A GLP compliant combined 28-day repeated dose toxicity study with the reproduction / developmental toxicity screening test was performed in male and female Wistar Han rats at dose levels of 15, 45 and 150 mg/kg bw/day. Animals of the control group received the vehicle, 0.5% carboxymethyl cellulose and 0.1% Tween-80 in water, alone. Males were exposed for 29 days, i.e. 2 weeks prior to mating, during mating, and up to termination. Females were exposed for 42-45 days, i.e. during 2 weeks prior to mating, during mating, during postcoitum, and during at least 4 days of lactation. The following observations and examinations were evaluated: mortality / viability, clinical signs (daily), functional observations and locomotor activity (Week 4 (males); end of lactation (females)), body weight and food consumption (at least at weekly intervals), clinical pathology (Week 4 (males); end of lactation (females)), macroscopy at termination, organ weights and histopathology on a selection of tissues; and reproduction/developmental parameters, consisting of mating, fertility and conception indices, precoital time, number of corpora lutea and implantation sites, gestation index and duration, parturition, maternal care, sex ratio, and early postnatal pup development (mortality, clinical signs, body weights and macroscopy). Formulations were analyzed once during the study to assess accuracy, homogeneity and stability.
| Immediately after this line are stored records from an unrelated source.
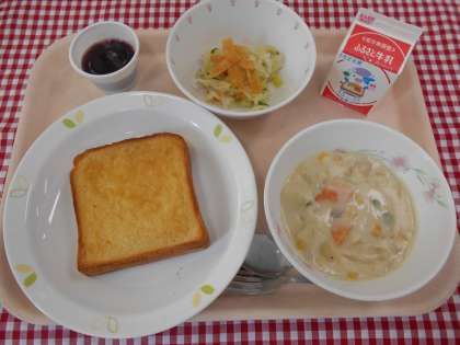 ☆献立 はちみつレモントースト 牛乳 コーンシチュー パリパリサラダ ぶどうぜりー
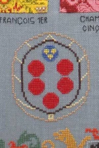 Cet ouvrage de broderie au point de croix se présente sous la forme d’une grande affiche en couleurs mesurant 68 x 80 cm. Au recto se trouve la grille, au verso toutes les informations historiques ainsi que les explications pour la réalisation de la broderie.
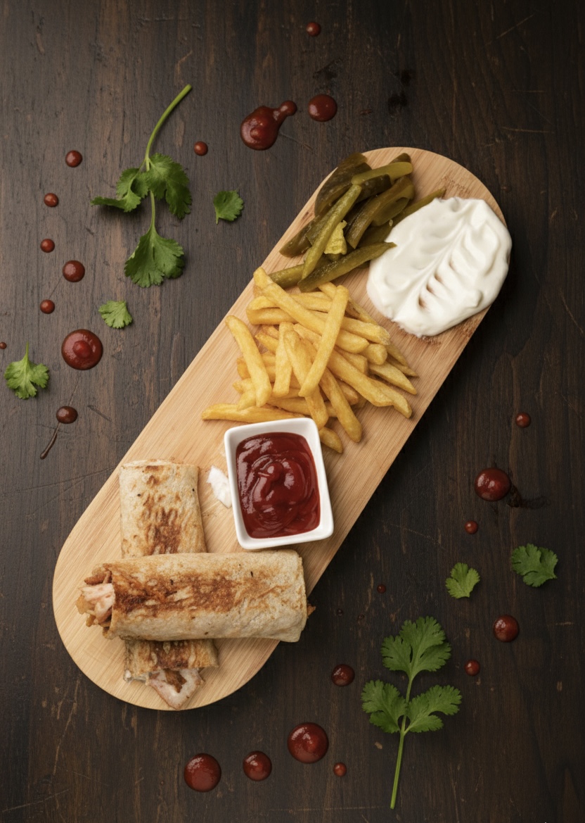 garlic,chilli sauce,pickles,fries
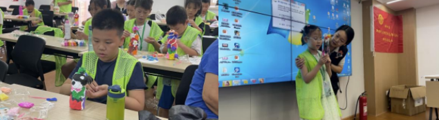 在动手环节,老师首先进行了分步讲解,并对每一步的重点与难点进行了着重强调,然后带着大家一起动手实操,在制作的过程中,大家发现这么小小的瓶子居然可以做出这么多造型,对此感到不可思议,发出了感叹与惊喜。并且大家的制作热情和兴趣一下子又被激发起来了,对制作成品充满期待。小朋友们不断发挥着天马行空的想象力,对细节进行了精细化处理将塑料瓶变废为宝,所有步骤完成后,色彩绚烂、妙趣横生的“DIY”花瓶就做好啦!大家看着自己亲手创造的手工制品,喜悦之情也是溢于言表的。小朋友们还给自己的作品取了独特的名字,每一个小小“创作家”踊跃上台和大家分享了自己的创作过程、创作思路.......
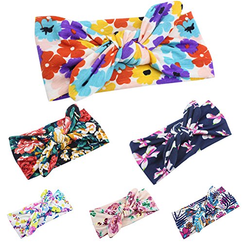 Ochine 新生児 赤ちゃん 出産祝い ベビー キッズ ヘアバンド 赤ちゃんもオシャレに♪ フラワー柄 弾力性 可愛いボウ 6色セット

Toxicity was noted at 150 mg/kg bw/day. For females, it was characterized by clinical signs, reduced body weight gains with lower food consumption, and slightly reduced thymus organ weight. The slightly lower thymus organ weights were in line with the observation of lymphoid atrophy (involution) present in 4 out of the 7 examined females in this high dose group (2 minimal, 1 slight, 1 moderate). Further microscopic findings consisted of lower mean grade of hematopoietic foci in the spleen of females at 150 mg/kg bw/day. Slightly lower body weight gains were also observed for males at 150 mg/kg bw/day. No toxicologically significant changes were noted in any of the remaining parental parameters investigated in this study (i.e. mortality, functional observations, haematology, clinical biochemistry, macroscopic abnormalities). There were no morphological findings in the reproductive organs of either sex which could be attributed to the test item. In conclusion, treatment with test material by oral gavage in male and female Wistar Han rats at dose levels of 15, 45 or 150 mg/kg bw/day revealed parental toxicity at 150 mg/kg bw/day. Based on these results, the No Observed Adverse Effect Levels (NOAEL) was set at 45 mg/kg bw/day.